Facebook notification spams crosses the line with users

Published on February 16, 2018

Facebook is continuously bombarding its users with promotional messages, emails, and notifications to come right back to using its application. Therefore, most of its efforts at attempting different methods for the same, do not come across as surprising. However, things have changed lately.

Facebook

Recently, these prying attempts have gone well beyond just comments relating to the activity taking place on your profile. It seems like the social media giant plans on nagging its users even when an acquaintance comments on someone else’s picture.

It doesn’t matter if this user is your distant family member who you’ve never met in reality, you will still be notified about when he/she comments on any random picture while they are browsing through the network.
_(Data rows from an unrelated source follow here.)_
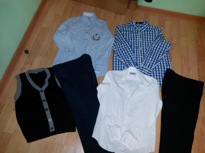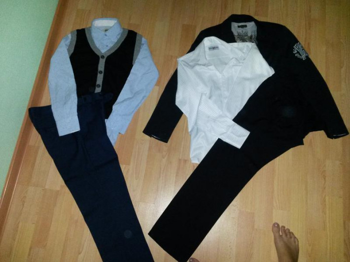 пиджак Cavalli, продан ; Gulliver двое брюк, черные в наличии 1200 и тёмно синие, 2000проданы; жилет черный с серым 500 в наличии, рубаха голубая в цветной мелкий горох,продана, рубаха в клетку bonprix 700 в наличии, белая рубаха benatsporr 800( цены как у гулливера) в наличии.фото мои , внизу есть каталожные.
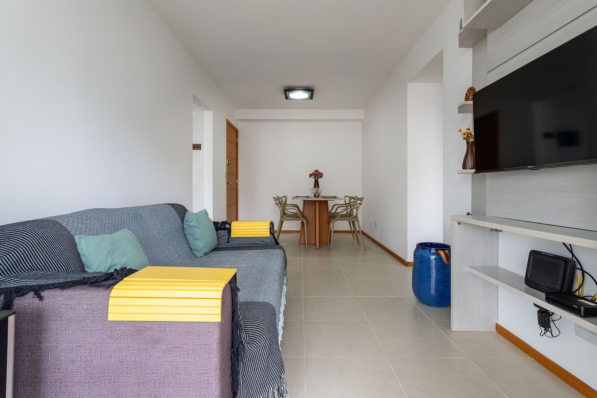 Sala ampla com sofá retrátil, podendo transformar em cama de casal (lembrando que é um sofá cama), smart TV SMART, com canais a cabo da VIVO, streamings como: Netflix, GLOBOPLAY, YOUTUBE (traga a sua senha), mesa de jantar para 4 pessoas, acesso a Wi-fi. Ventilador de chão. tela de proteção na varanda.
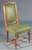each with shaped and upholstered panel backs, above stuffover seats on turned and blocked legs (6)
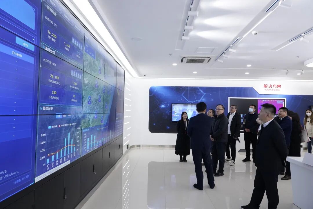 云商公司领导班子及事业部部长等相关部门负责人在图讯科技创始人及CEO王斌的带领下参观了图讯科技的办公大楼及展厅,观看了图讯科技的公司历程,公司安监产品的驾驶舱大屏。随后听取企业相关介绍。
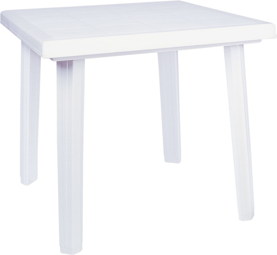 Notes: Indoor/outdoor use, nylon foot glides, stackable, scratch/UV resistant, umbrella hole
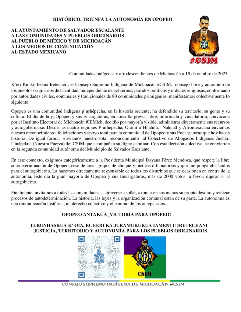 En un pronunciamiento dirigido al Ayuntamiento de Salvador Escalante, a los pueblos originarios, a los medios de comunicación y al Estado mexicano, el CSIM —consejo libre y autónomo integrado por autoridades civiles, comunales y tradicionales de 80 comunidades— calificó el resultado como “histórico” y extendió su reconocimiento, felicitación y apoyo total a Opopeo y a sus encargaturas.
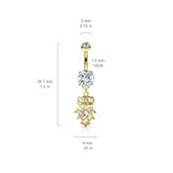 This belly ring is comprised of premium 316L surgical steel with 14K yellow gold plating and cubic zirconia gemstones.
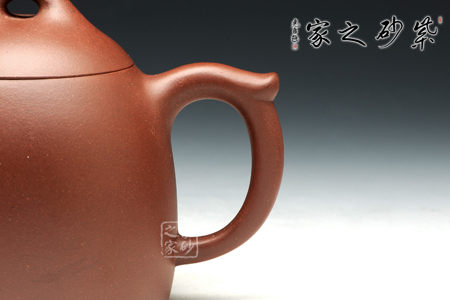 此壺為傳統(tǒng)經(jīng)典器型,作者將中國古代的秦權(quán)錢與紫砂壺巧妙地結(jié)合在一起,整體造型設(shè)計為秦代貨幣秤砣的樣式,構(gòu)思精巧,器型大氣。一彎嘴短而爽利,大耳形壺飛把,拿捏得手。整款壺以全截面接地,器型穩(wěn)重,截蓋,弧鈕鈕,整體器形完整,線條簡潔流暢。
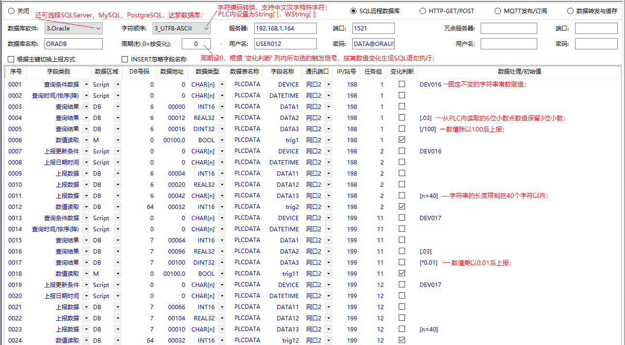 将参数后写入后重启(‘参数’->‘参数写入到网关’)、(‘工具’->‘重启网关’),读取网关参数(‘参数’->‘从网关读取参数’)后,看软件上显示的状态消息,根据状态消息调试。在‘工具’->‘网关数据监控’里面可以看到通过配置生成的SQL语句。
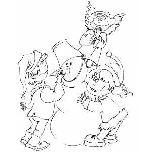 Children Finishing Snowman coloring page
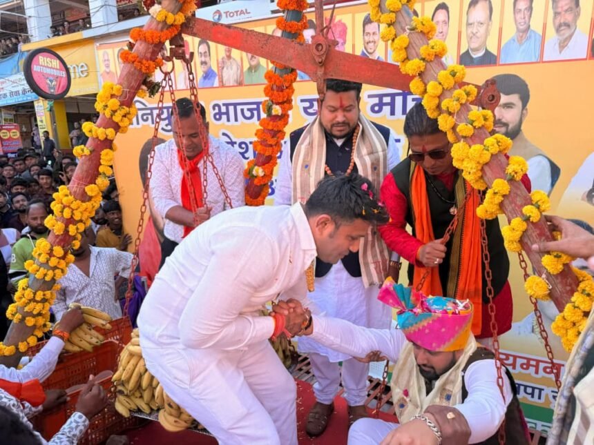 ​11 जेसीबी से हुई पुष्पवर्षा, फल से हुआ तुलादान
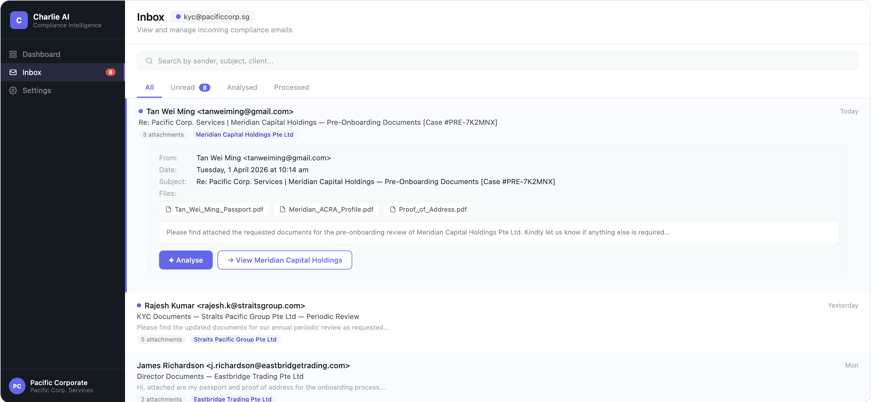 Connect your compliance inbox and Charlie reads, categorises, and extracts data from every attachment automatically. Passports, ACRA profiles, bank statements — all sorted and filed without anyone lifting a finger.
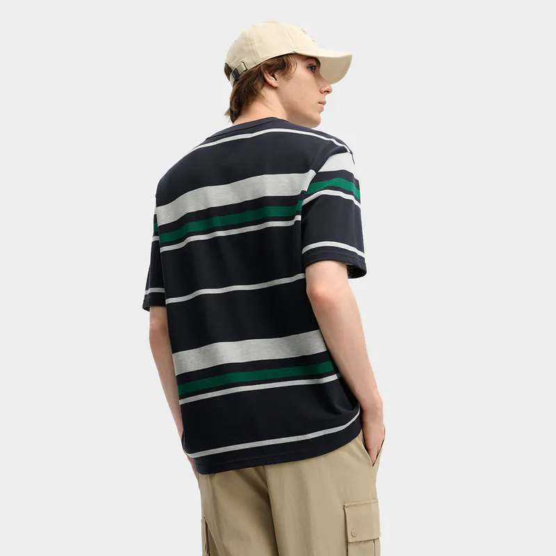 - Trendy misaligned striped short-sleeved T-shirt, exquisite embroidered LOGO on the chest, positioning color-woven stripes, young and fashionable.
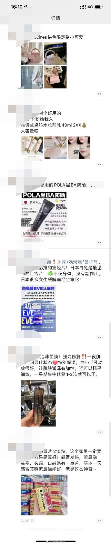 根据我“潜伏”在微博上的观察,目前为止大部分“中招”的,基本上还都是微商相关从业人员。被折叠的朋友圈内容,也都是千篇一律的产品信息……
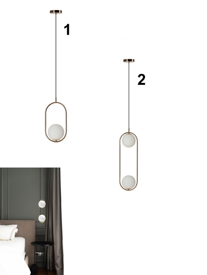Zajímavé lustry vyrobené z hliníku ve zlaté barvě a skleněných bílých stínidel ve tvaru koule. Se závitem G9. Svítidla se dodávají bez žárovek. |
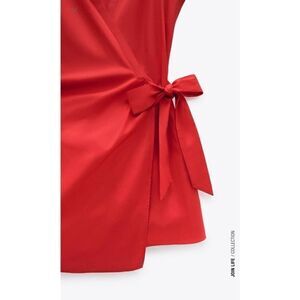 V-NECK JUMPSUIT WITH SHORT SLEEVES. ELASTIC WAISTBAND. FRONT TIE WRAP CLOSURE.
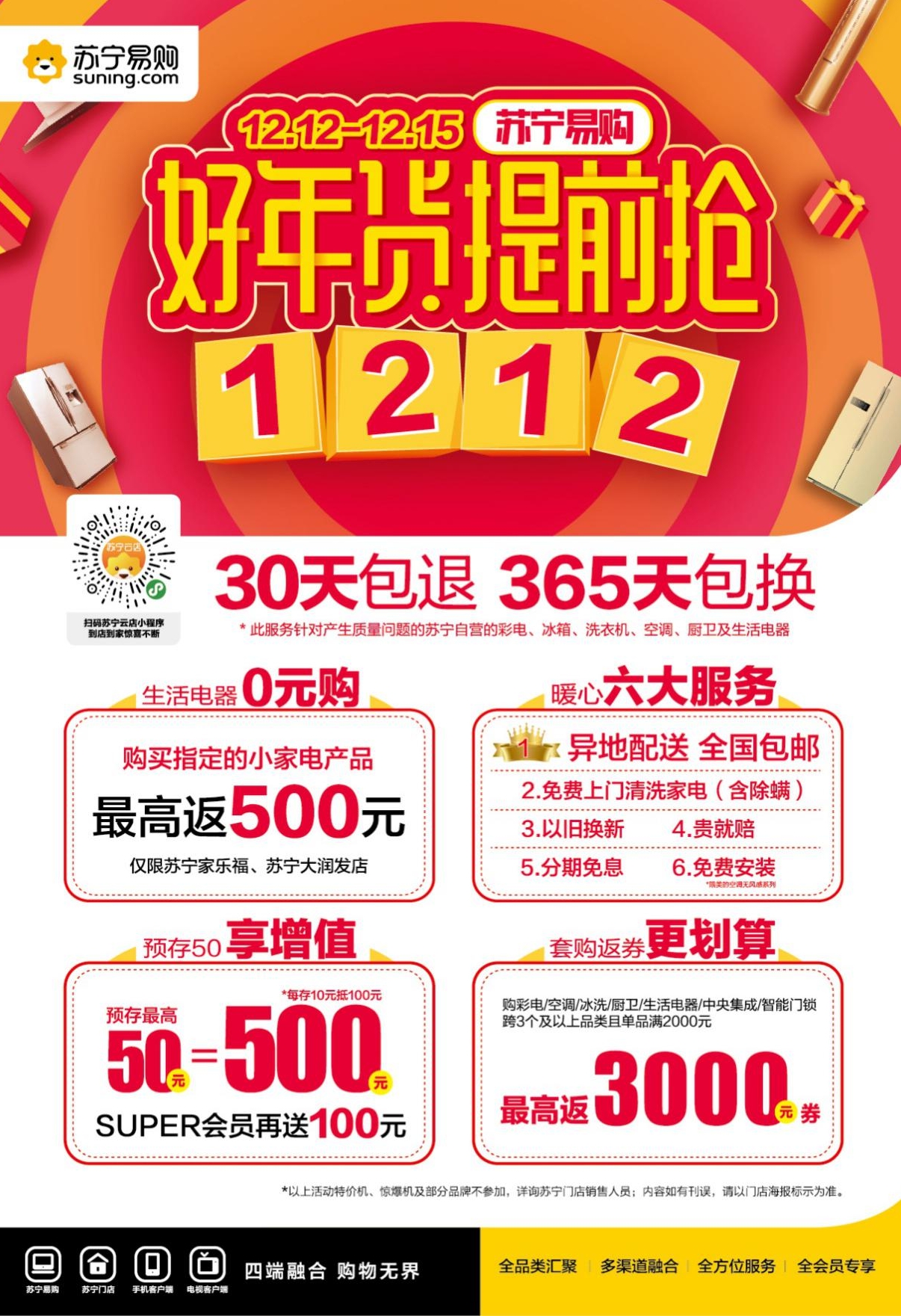 同時(shí),深圳蘇寧還聯(lián)合各大知名品牌為廣大消費(fèi)者推出了多重超強(qiáng)福利,在活動(dòng)力度上,預(yù)存50元可抵500元的家電購(gòu)物抵用券,并且套購(gòu)多個(gè)產(chǎn)品最高可返3000元的優(yōu)惠券。除此之外,蘇寧家樂福、蘇寧大潤(rùn)發(fā)、蘇寧歐尚聯(lián)合推出生活家電0元購(gòu)活動(dòng),消費(fèi)者購(gòu)買生活電器可返產(chǎn)品價(jià)格的同等金額,最高省500元。并且雙十二當(dāng)天在蘇鮮生購(gòu)物使用蘇寧金融支付新用戶滿50元減20元,老用戶滿30元減10元,12月15日在蘇寧小店購(gòu)物使用翼支付還可享5折立減??梢灶A(yù)見,從產(chǎn)品、價(jià)格、服務(wù)、活動(dòng)各個(gè)方面不斷提升消費(fèi)者購(gòu)物體驗(yàn)的深圳蘇寧將成為消費(fèi)者選購(gòu)年貨的不二選擇。(吳艷)
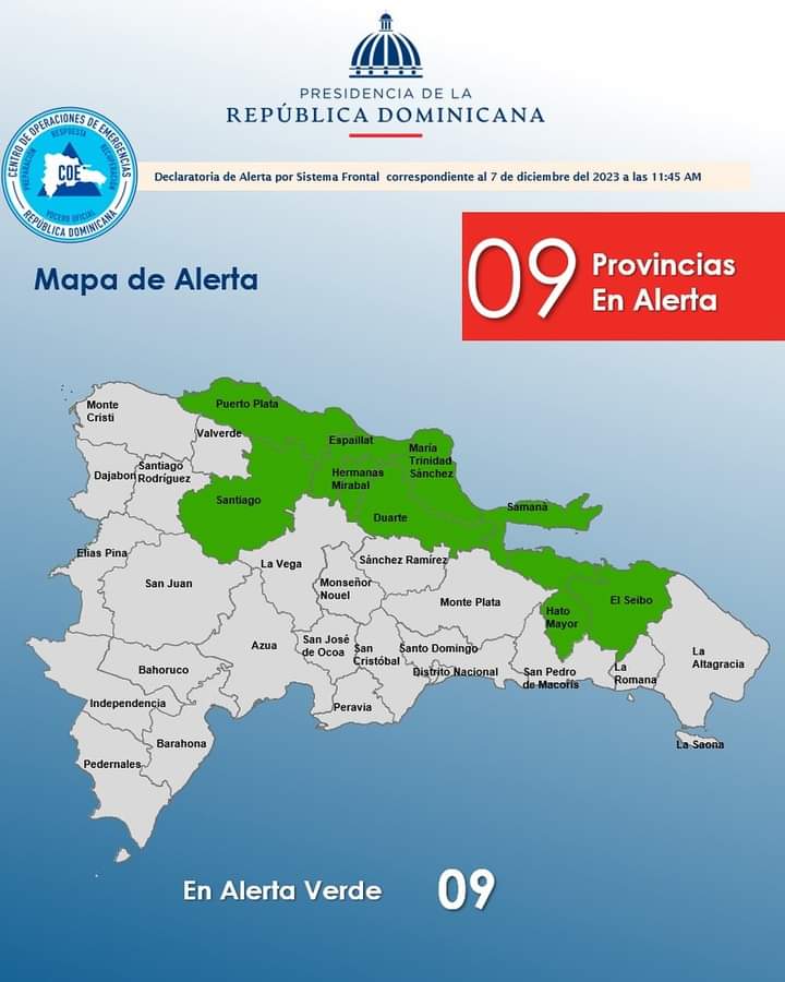 Debido al pronostico de lluvias producto de la incidencia de un sistema frontal que transitará sobre el territorio dominicano a partir de este jueves y el fin de semana.
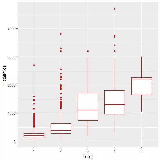 ggplot(DATA,aes(x=Toilet,y=TotalPrice))+geom_boxplot(col="red")
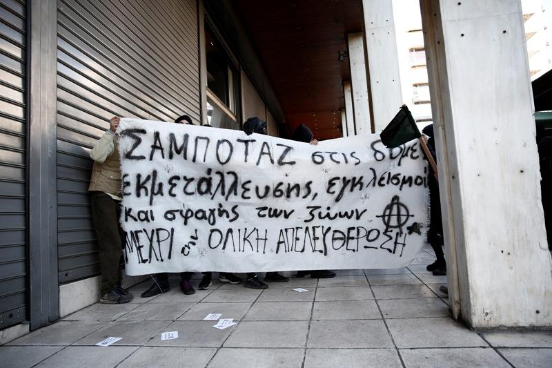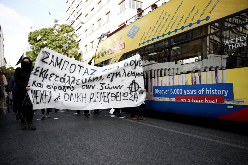 Πορεία στο κέντρο της Αθήνας πραγματοποίησε ομάδα 50 περίπου αντισπισιστών, το μεσημέρι του Σαββάτου.
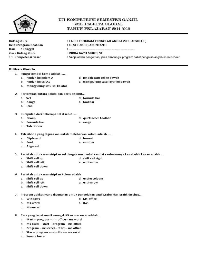 Berilah tanda silang (x) pada huruf a, b, c, d, atau e pada jawaban yang paling tepat! Jika jawaban kalian sama sekali berbeda pada soal atau langkah tertentu . Gunakan modul ini bersama dengan buku aplikasi pengolah angka kelas x smk. Ikhtisar keuangan sebagai pertanggung jawaban pimpinan perusahaan kunci : Soal pilihan ganda spreadsheet x akuntansi tahun 2018/2019 semester ganjil kurikulum 2013 (hots).
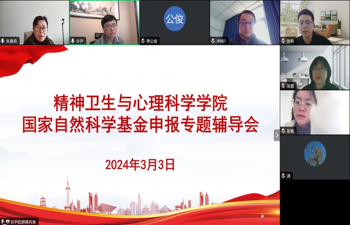3月3日上午,精神卫生与心理科学学院线上召开国家自然科学基金申报专题辅导会。院长朱春燕出席会议并讲话,副院长许尹主持会议。

Moreover, it seems like the spamming has gone on to affect even those who have signed up for the two-factor authentication option.

“The part of it that bugs me is that two-factor authentication is something [Facebook] should be encouraging people to use, but instead the way this is working here is that they’re driving people away from two-factor and making people less secure,” says Matt Green, a professor at the Johns Hopkins University Information Security Institute, who has done contracted security work for Facebook in the past. “It’s abusive, people’s attention is deliberately tweaked by what looks like a two-factor authentication message,” Green revealed that he had received endless messages relating to Facebook each day, especially since the beginning of this year.

The annoying part about these notifications is that they are no longer limited to the application itself but they will arrive in the form of messages on your device. Additionally, things can go haywire if you end up replying to these messages. “If you respond, your message is posted to your profile. If the notifications involve someone else’s content, users say the text replies inadvertently show up as comments on other people’s photos or statuses,” notes Wired.